From Colorado to New Mexico and the Dakotas to Utah, responses are similar. Across the region, the status of species like foxes, porcupines, white-tailed jack rabbits, beavers, badgers and marmots is punctuated by question marks. Continent-wide trends remain a mystery.
The good news is that national parks have inventory and monitoring programs that make it possible to assess trends more comprehensively for some of these species. Citizen scientists are helping by reporting occurrences of species such as black-tailed jackrabbits. As scientists delve further into databases, patterns of species retention or loss should become clearer.

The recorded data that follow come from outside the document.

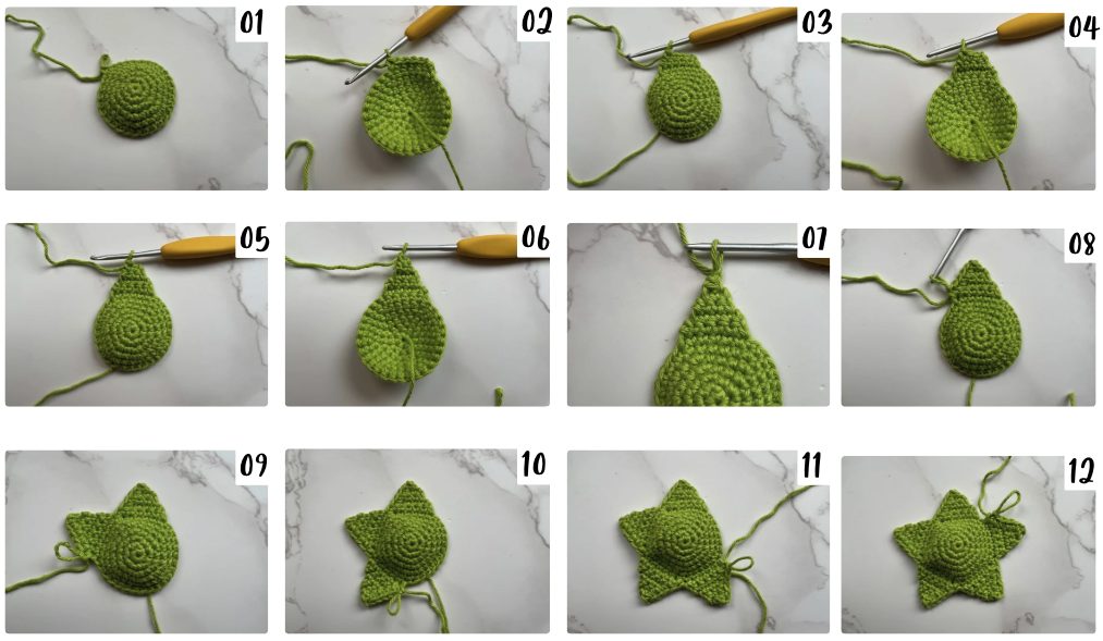 - The leaves begin with continuous rounds for the top part, then switch to turning rows to create the 5 points
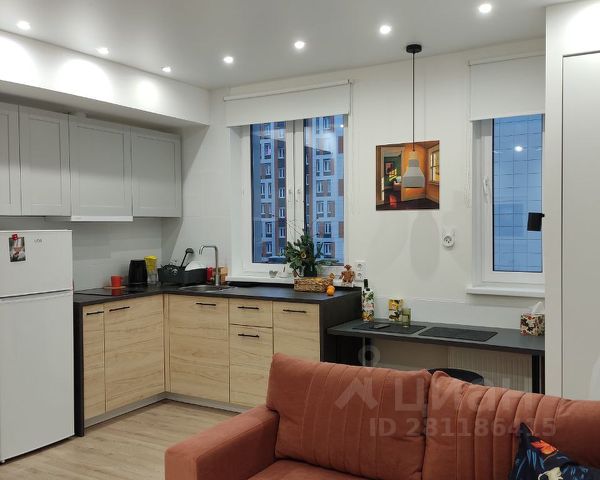 Номер лота - 3479285 ЖК" Малина" Отличная студия. Кухонный гарнитур встроенный, вся бытовая техника. Современная мебель. Кондиционер.Развитая инфраструктура. ИНКОМ-Октябрьское поле.
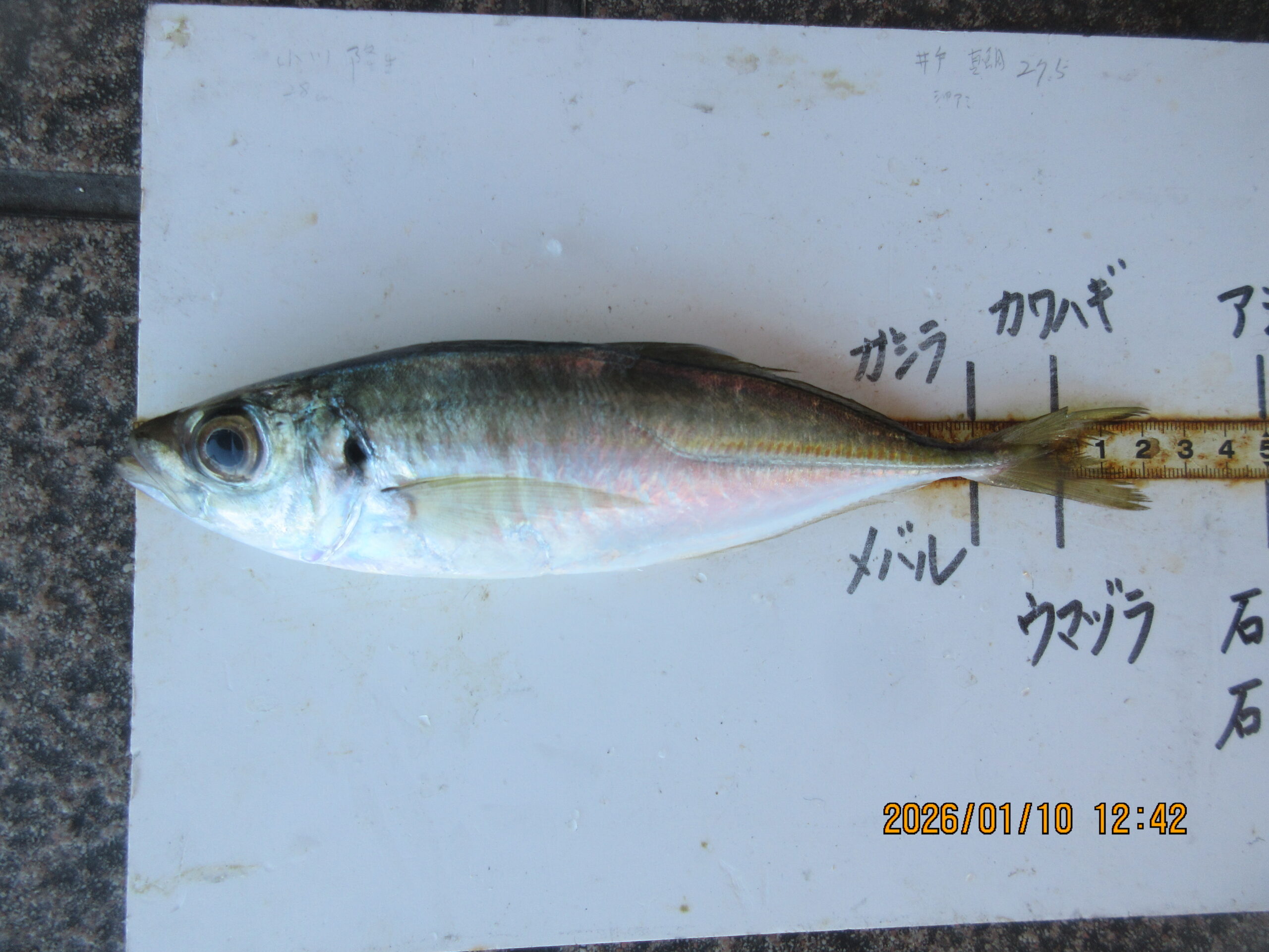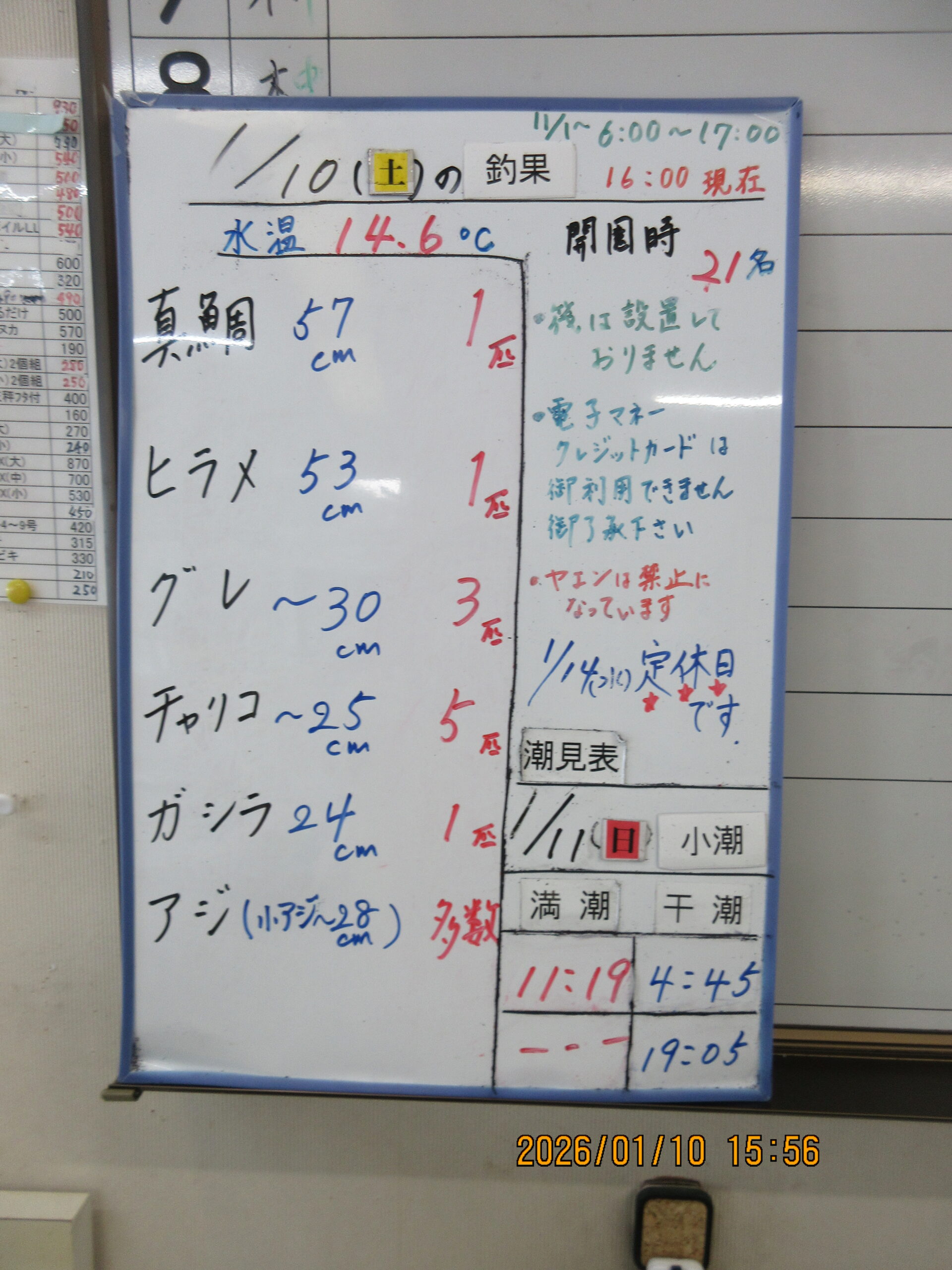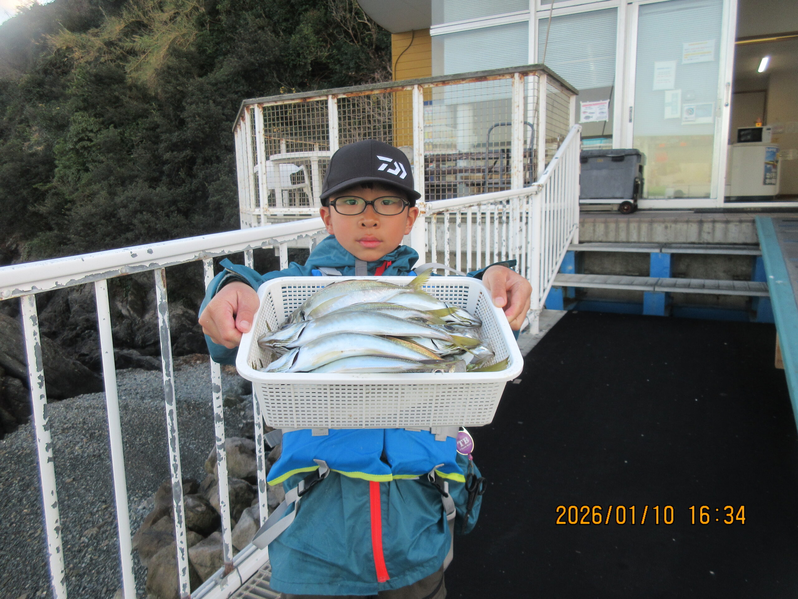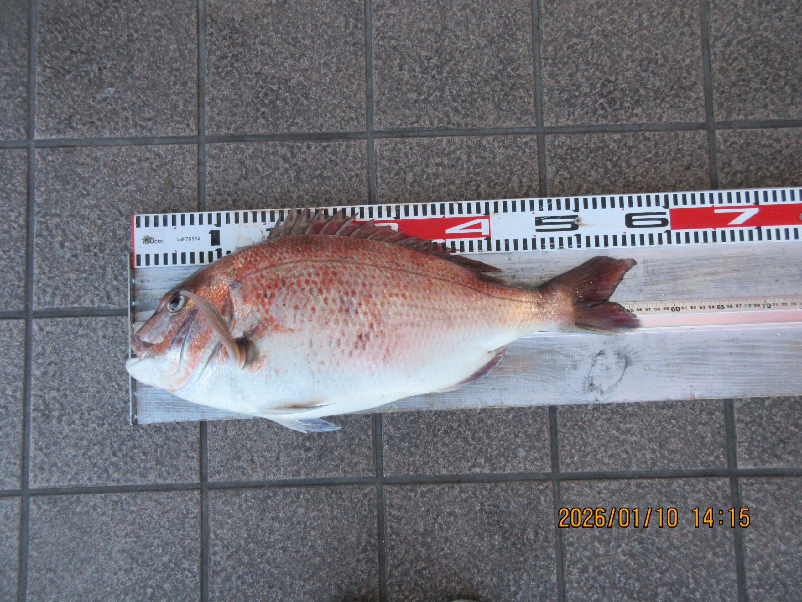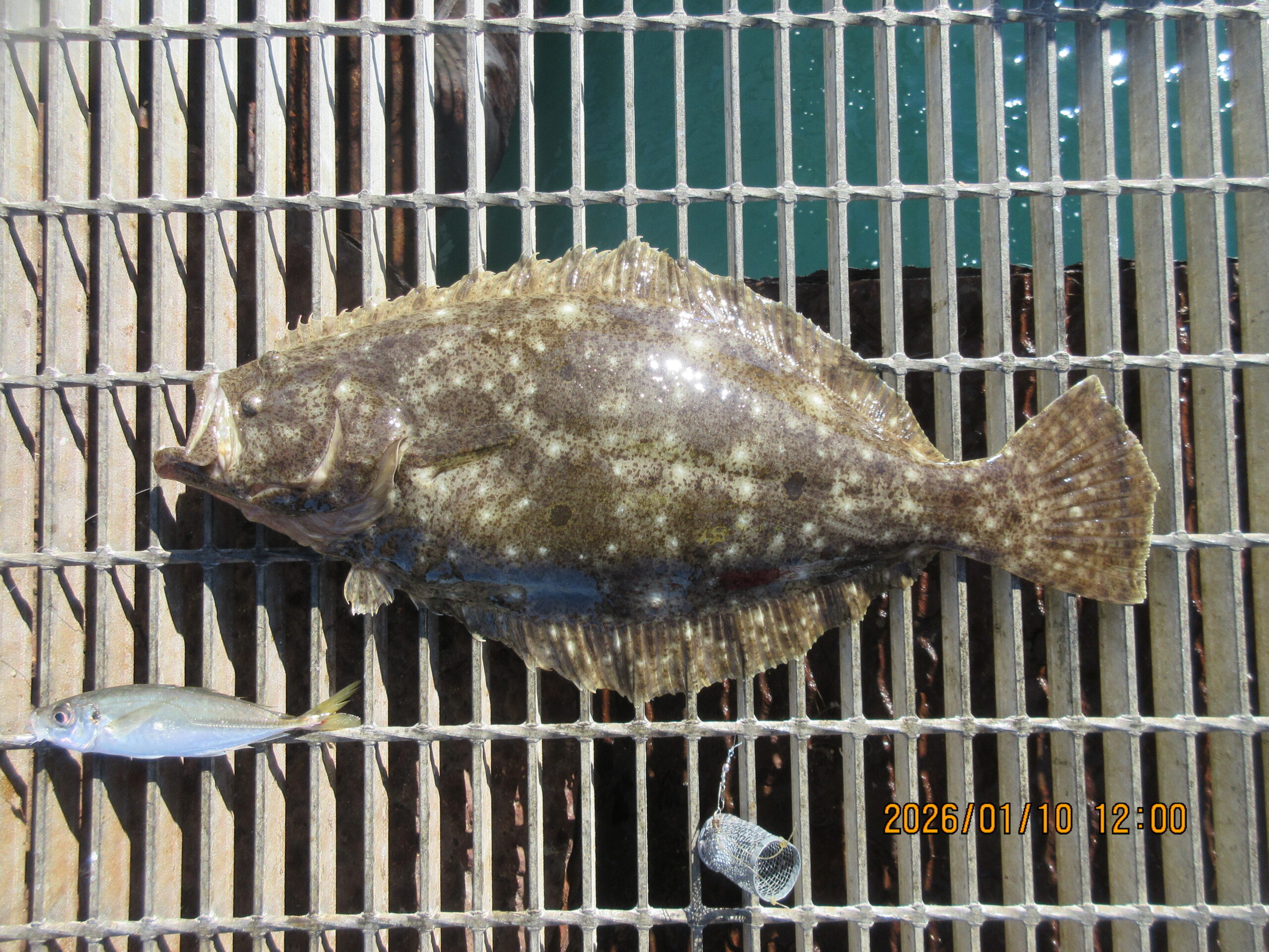 絞り込み結果 2026.01.10 魚種:アジ 2026.01.10 天候:晴れ 水温:14.6℃潮:中潮 2026.01.10(土)田中君 魚種:アジ サイズ:~26.5cm 匹数:多数エサ:飛ばしサビキ 2026.01.10 魚種:真鯛 2026.01.10 天候:晴れ 水温:14.6℃潮:中潮 2026.01.10(土)黒島様 魚種:真鯛 サイズ:57cm 匹数:1エサ:オキアミ 2026.01.10 魚種: 2026.01.10 天候:晴れ 水温:14.6℃潮:中潮 2026.01.10(土)本日の釣果 魚種: サイズ: 匹数:エサ: 良いお天気になりましたが、風が強いです。本日も数は少なくなりましたが、真鯛が釣れています。それに久々に、小アジから28cmまでのアジが沢山釣れて皆様ワクワク。皆様笑顔でいい日ですね。続いて欲しいものです。本日も有難うございます。 2026.01.10 魚種:アジ 2026.01.10 天候:晴れ 水温:14.6℃潮:中潮 2026.01.10(土)田中君 魚種:アジ サイズ:22.5cm 匹数:1エサ:飛ばしサビキ 2026.01.10 魚種:ヒラメ 2026.01.10 天候:晴れ 水温:14.6℃潮:中潮 2026.01.10(土)森田様奥様 魚種:ヒラメ サイズ:53cm 匹数:1エサ:チャリコ呑ませ
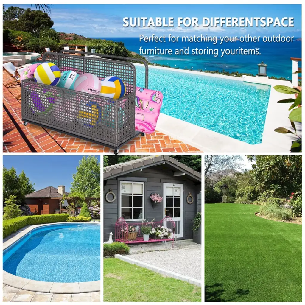 Maximize your poolside organization with this stylish outdoor wicker storage caddy. Built from handwoven PE rattan and a sturdy powder-coated steel frame, it¡¯s designed to endure outdoor elements while keeping all your pool floats, noodles, life vests, and toys neatly organized. The open-sided basket, dual tracks, and foldable racks offer versatile storage options, while smooth-rolling wheels with locking brakes ensure mobility and stability. Assembly is simple, and maintenance is minimal, making this storage cart a smart and durable solution for any pool or patio area.
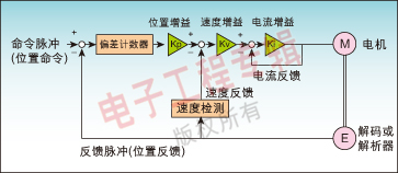 图2:在伺服系统中,通过位置、速度/角速度和电流环实现闭环操作。
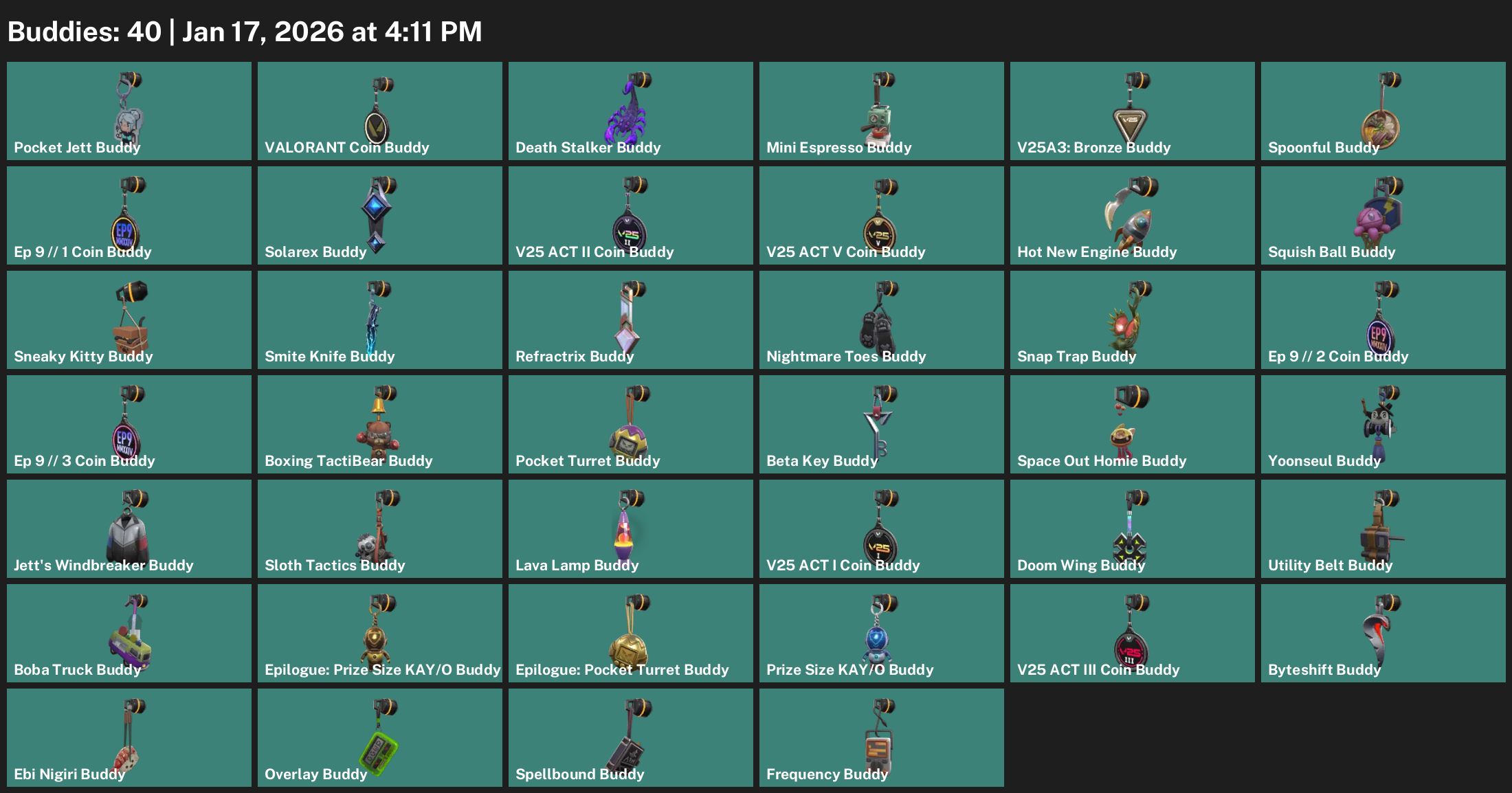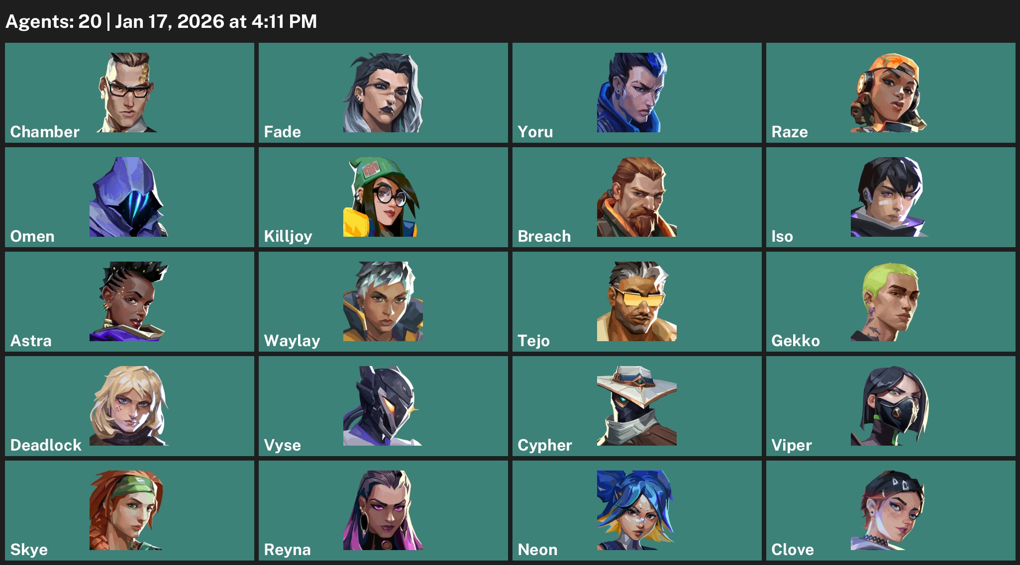 Chamber, Fade, Yoru, Raze, Omen, Killjoy, Breach, Iso, Astra, Waylay, Tejo, Gekko, Deadlock, Vyse, Cypher, Viper, Skye, Reyna, Neon, Clove

For example, our work on white-tailed jack rabbits revealed that decades ago they were abundant in the valleys in and around the Tetons of northwest Wyoming and spanned Yellowstone National Park’s northern range. However, by the year 2000 they were absent from the Tetons and occupied only a small area of Yellowstone.
The U.S. has a history of protecting its majestic mountains and deserts. But in our view, it has undervalued its biologically rich grasslands. With more support for conservation on the prairies, wildlife of all sizes – big and small —could again thrive on America’s fruited plains.